- [Dataset content]
※

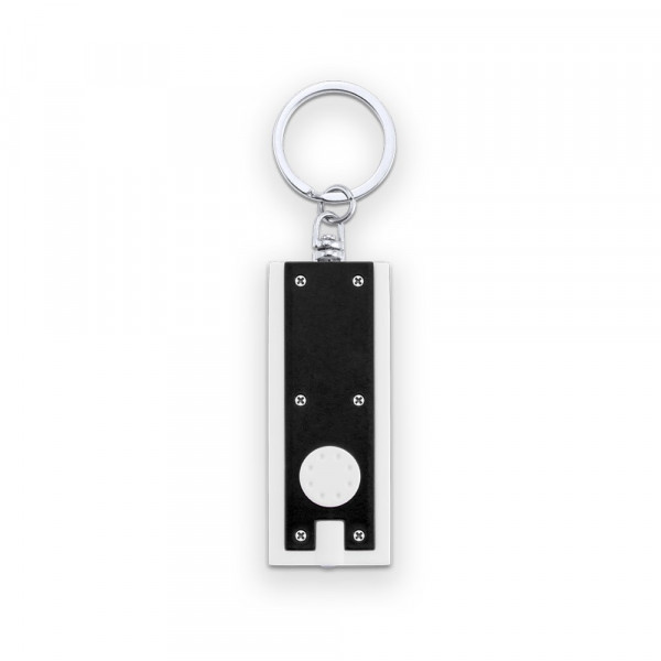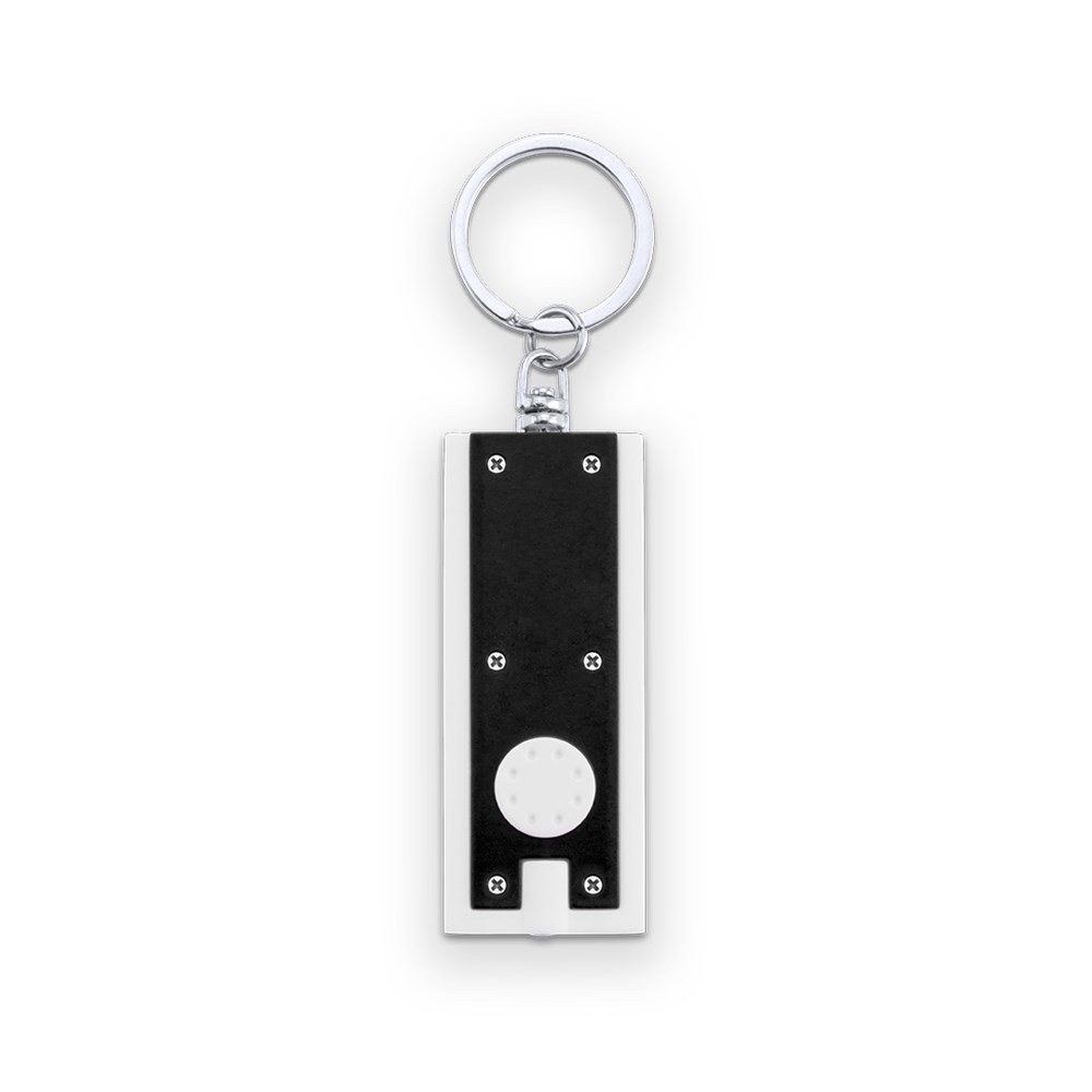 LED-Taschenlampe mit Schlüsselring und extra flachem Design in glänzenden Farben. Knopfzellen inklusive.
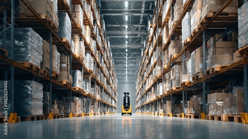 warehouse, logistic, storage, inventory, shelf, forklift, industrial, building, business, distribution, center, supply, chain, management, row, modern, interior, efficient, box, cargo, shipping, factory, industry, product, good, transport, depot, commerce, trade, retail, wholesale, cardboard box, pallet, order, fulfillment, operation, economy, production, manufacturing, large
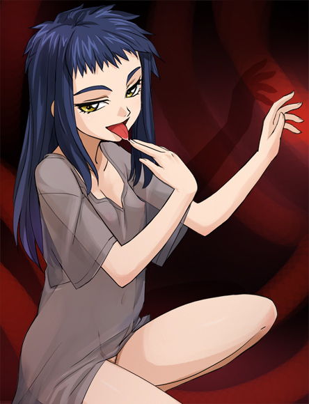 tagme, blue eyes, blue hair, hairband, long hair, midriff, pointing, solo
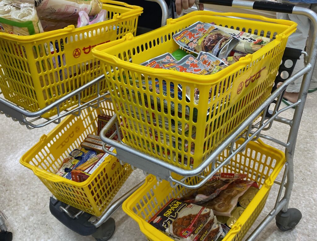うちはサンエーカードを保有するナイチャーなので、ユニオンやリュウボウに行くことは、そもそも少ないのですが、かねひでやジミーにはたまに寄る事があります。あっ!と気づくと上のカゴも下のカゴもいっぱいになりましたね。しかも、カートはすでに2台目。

※

Write out the listing above exactly, images omitted.

 LED-Taschenlampe mit Schlüsselring und extra flachem Design in glänzenden Farben. Knopfzellen inklusive.
 warehouse, logistic, storage, inventory, shelf, forklift, industrial, building, business, distribution, center, supply, chain, management, row, modern, interior, efficient, box, cargo, shipping, factory, industry, product, good, transport, depot, commerce, trade, retail, wholesale, cardboard box, pallet, order, fulfillment, operation, economy, production, manufacturing, large
 tagme, blue eyes, blue hair, hairband, long hair, midriff, pointing, solo
うちはサンエーカードを保有するナイチャーなので、ユニオンやリュウボウに行くことは、そもそも少ないのですが、かねひでやジミーにはたまに寄る事があります。あっ!と気づくと上のカゴも下のカゴもいっぱいになりましたね。しかも、カートはすでに2台目。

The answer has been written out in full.